# <font color='Orange'> ML project </font>

### Introduction:

The data were collected from the Taiwan Economic Journal for the years 1999 to 2009. Company bankruptcy was defined based on the business regulations of the Taiwan Stock Exchange.

### Objective:

The goal of this notebook is various predictive algorms are available as far as we can predict which goals in order to see failure in the future.

In [None]:
import os
for dirname, _, filenames in os.walk('/kaggle/input'):
    for filename in filenames:
        print(os.path.join(dirname, filename))

In [None]:
# Data manipulation
import pandas as pd
import numpy as np
import re

# Data visualization
import seaborn as sns
import matplotlib.pyplot as plt
import plotly.express as px
import plotly.graph_objects as go
from sklearn.model_selection import learning_curve
from sklearn.model_selection import validation_curve

# preprocessing and resampling
from sklearn.preprocessing import StandardScaler
from imblearn.over_sampling import SMOTE

# metrics
from sklearn.metrics import accuracy_score
from sklearn.model_selection import cross_val_score
from sklearn.metrics import confusion_matrix
from sklearn.metrics import recall_score
from sklearn.metrics import f1_score
from sklearn.metrics import classification_report

# ML model
from sklearn.model_selection import train_test_split
from sklearn.model_selection import GridSearchCV
from sklearn.linear_model import LogisticRegression
from sklearn.ensemble import RandomForestClassifier
from sklearn.neighbors import KNeighborsClassifier
from sklearn.pipeline import make_pipeline
from sklearn.tree import DecisionTreeClassifier
from sklearn.svm import SVC

import sklearn

np.warnings.filterwarnings('ignore')

# Import and data cleansing

In [None]:
df = pd.read_csv ('/kaggle/input/company-bankruptcy-prediction/data.csv')
df.rename(columns = {'Bankrupt?':'y'}, inplace = True)
# rename columns
lista_new_col = []
for col in df.columns:
  col = re.sub(' ', '_', col)
  col = re.sub('-', '_', col)
  lista_new_col.append(col)
df.columns = lista_new_col

print ( 'Shape of dataset:', df.shape )
print ( '*' * 50 )
df.head()

In [None]:
df.isna().sum()

There is no missing data in the dataset.

# Data analysis & visualization

In [None]:
df.info()

The dataset is composed of a combination of 6819 observations per each of our 96 features.

In [None]:
df.describe().T

In [None]:
print(df.y.value_counts())
print('-'* 30)
print('Financially stable: ', round(df.y.value_counts()[0]/len(df) * 100, 2), '% of the dataset')
print('Financially unstable: ', round(df.y.value_counts()[1]/len(df) * 100, 2), '% of the dataset')

In [None]:
plt.figure(figsize = (7,4))
sns.countplot(df.y)
plt.title('Class Distributions Count \n (0: Stable || 1: Unstable)', fontsize=12)
plt.show()

The classes are heavily skewed we need to solve this issue later, with algorithm SMOTE (**S**ynthetic **M**inority **O**versampling **TE**chnique).

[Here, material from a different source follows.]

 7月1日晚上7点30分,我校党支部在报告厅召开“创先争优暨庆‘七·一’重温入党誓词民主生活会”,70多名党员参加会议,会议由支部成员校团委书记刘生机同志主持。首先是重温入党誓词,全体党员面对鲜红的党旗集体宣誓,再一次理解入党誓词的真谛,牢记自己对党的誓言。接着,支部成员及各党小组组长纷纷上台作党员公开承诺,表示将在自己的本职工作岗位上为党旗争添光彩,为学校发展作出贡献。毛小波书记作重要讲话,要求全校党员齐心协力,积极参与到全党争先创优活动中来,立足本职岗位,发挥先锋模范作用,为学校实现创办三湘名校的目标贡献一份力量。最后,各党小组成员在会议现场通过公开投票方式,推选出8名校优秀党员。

Class 1 represents 96.77% of the dataset, while class 2 only 3.23%.

In [None]:
cat_cols = df.select_dtypes(include=['object','category','int64']).columns
fig, ax = plt.subplots(nrows=1, ncols=2, figsize=(7,4), constrained_layout=True)
ax=ax.flatten()
fig.suptitle('\nCount plot of categorical features\n', size=12)
for x,i in enumerate(cat_cols[1:]):
    sns.countplot(x=df[i], ax=ax[x])

In [None]:
print ( 'The column "Net income flag" have just value:', df._Net_Income_Flag.unique() )
df.drop ('_Net_Income_Flag', axis=1, inplace=True )

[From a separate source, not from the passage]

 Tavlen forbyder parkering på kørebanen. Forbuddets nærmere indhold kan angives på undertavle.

The feature 'Net income flag' always takes the value 1 for all observations, so it can be removed from the model.

In [None]:
# Looking at the histograms of numerical data
df.hist(figsize = (35,30), bins = 50 )
plt.show()

# Re-sampling train_set (SMOTE algorithm)

In [None]:
# SMOTE
X, y = df.iloc [ :, 1: ].values , df.iloc [:, 0].values
X_train, X_test, y_train, y_test = train_test_split ( X, y,
                                                     test_size = 0.3,
                                                     random_state = 1,
                                                     stratify = y)
smt = SMOTE ()
X_train_sm, y_train_sm = smt.fit_resample (X_train, y_train)

print ('# class in y_train:', np.bincount (y_train_sm) )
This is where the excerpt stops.